Today marks the opening of the 23rd Summer Olympic Games. More than 11,000 athletes representing 206 National Olympic Committees will compete in 39 sports. Among them are Palestinian and Israeli athletes

(photo © Paris 2024 / Florian Hulleu)

Eight Palestinian athletes will compete at the Paris Olympics from 26 July to 11 August 2024. Seven of them have been invited by the IOC. Only one Palestinian athlete, Omar Ismail, has qualified for the Games in taekwondo. The remaining athletes will compete in track and field, swimming, judo, boxing and shooting. Israel will be represented by 88 athletes, including footballers who qualified for the Olympics for the first time in almost half a century at the UEFA European Under-21 Championship last summer. In addition to football, the Israeli athletes will compete in judo, archery, rifle shooting, badminton and fencing. The Israeli delegation includes Jewish and Arab athletes from all over Israel. They are under round-the-clock protection by French security services and Shin Bet officials due to threats related to the Gaza war. Israeli Foreign Minister Israel Katz raised the alarm in a letter to his French counterpart Stephane Séjourné, warning of a potential Iranian-backed plot against the Israeli team, Israeli media reported.

No Olympic truce. The Paris Games will be held at the height of the conflict in Gaza that broke out following the terrorist attack of 7 October 2023, between Israeli forces on one side and Hamas on the other. Last autumn’s UN resolution calling for an Olympic Truce was in vain. The Truce is a tradition dating back to the ancient Greece, where in the 9th century BC the kings of the region signed a treaty to ensure the safe participation of all athletes and spectators in the ancient Olympic Games. According to custom, the Olympic Truce, or “Ekecheiria”, halted the fighting for seven days before the beginning of the Games until seven days after they closed.The resolution, entitled “Building a peaceful and better world through sport and the Olympic ideal”, was adopted with 118 votes in favour and two abstentions. Pope Francis also mentioned the Games during his Angelus prayer, expressing the hope that: “this event may be a sign of the inclusive world we wish to build. According to the ancient tradition, may the Olympic Games be an opportunity to establish a truce in wars, demonstrating a sincere desire for peace.”

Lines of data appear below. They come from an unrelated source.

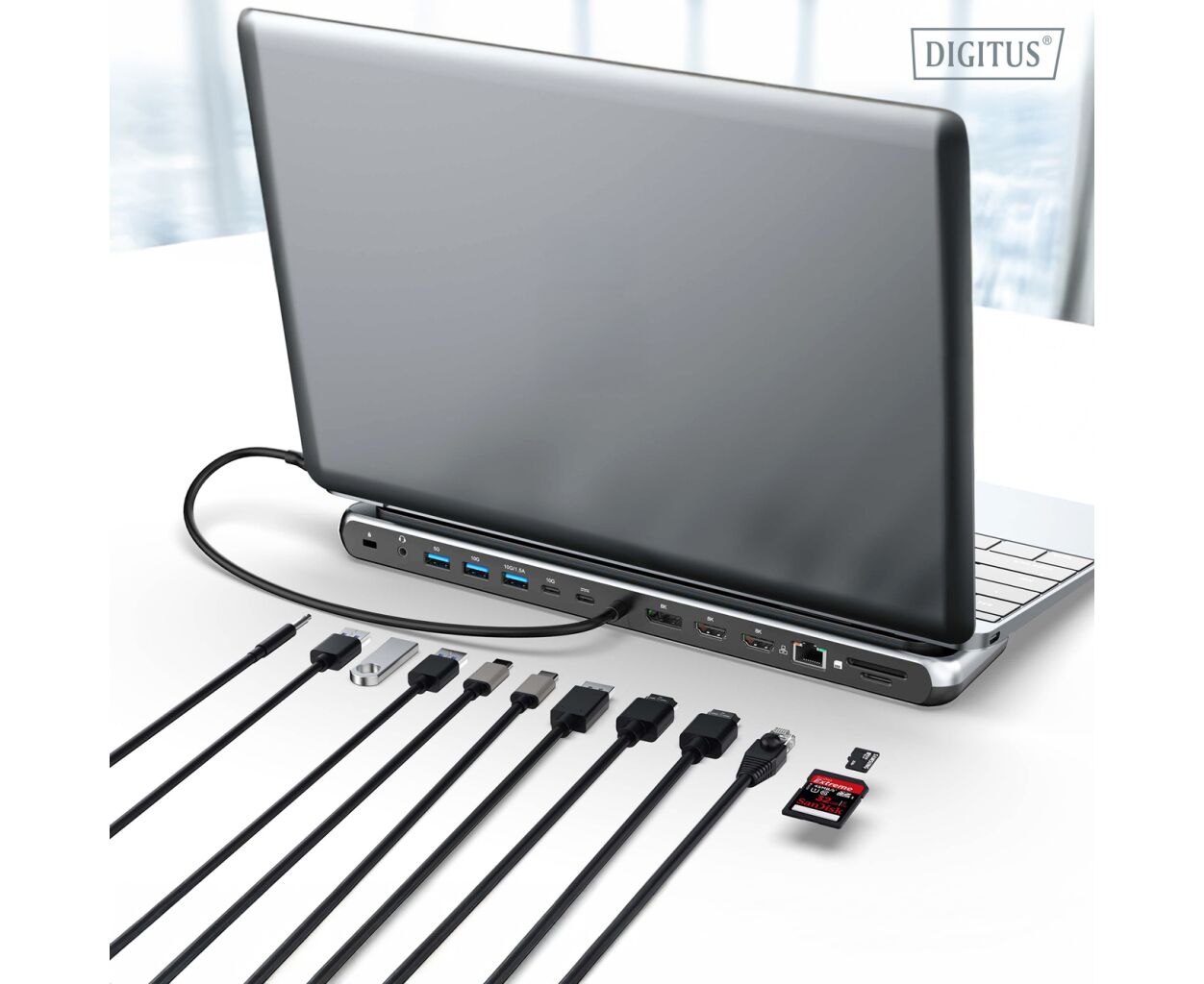 Порт-реплікатор Digitus USB-C > 2xHDMI/1xDP/3xUSB-A/USB-C/RJ54/PD/Audio (DA-70919)
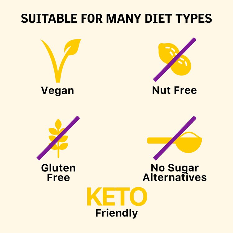 Keto friendly, Plant Based & Vegan, Gluten Free, Nut & Peanut Free.
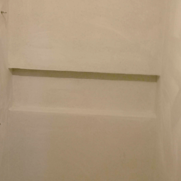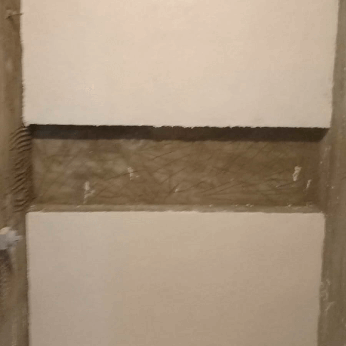 A aplicação é feita em duas camadas: a primeira assegura aderência ao substrato e a segunda define o relevo e o acabamento final. Após a cura, aplicamos selante acrílico transparente para impermeabilizar e facilitar a limpeza.

Ceremony on the Seine. That wish is bound to fall on deaf ears, including at the Paris Olympic Games, due to kick off on Friday evening (19:30) with the Opening Ceremony that, for the first time in history, will be held not in a stadium but on the banks of the River Seine with a global TV and Internet audience of 1.5 billion people. Around 8,000 athletes (out of more than 11,000 competing) from 206 different National Olympic Committees will take part in a parade of 94 boats along a 6-kilometre stretch of river before a crowd of more than 300,000 spectators in the presence of the IOC and International Olympic Committee chiefs, French President Emmanuel Macron and the heads of state and government of several countries, among them Sergio Mattarella. The boats will pass near historical monuments such as Notre-Dame and the Louvre.

From sport to politics. For the two delegations, the Paris Games will represent not only a sporting event, but also a political platform to reiterate their respective positions on the ongoing conflict. In an interview with the Palestinian media on the occasion of the departure of the Olympic delegation to Paris, the President of the Palestinian Olympic Committee, Jibril Rajoub, said: “From a psychological, humanitarian and moral point of view, it is not possible for Palestinian athletes to compete against Israelis in the various sports disciplines”. Rajoub also recalled that since 7 October, “300 athletes, staff and volunteers from our sports world have died in Gaza.” “We are not here for the medals, but to engage the largest number of people to support the Palestinian cause. I am not interested in the money. If winning a medal will help me gain more attention, then that is what is important to me,” Yazan Al Bawwab, a swimmer competing in the 100 backstroke, told AFP. “I have the chance to be heard as a Palestinian while thousands of people are treated inhumanely and as numbers,” the athlete added. “We’re not being pressured. It is the Palestinians in Palestine who are facing the pressure.”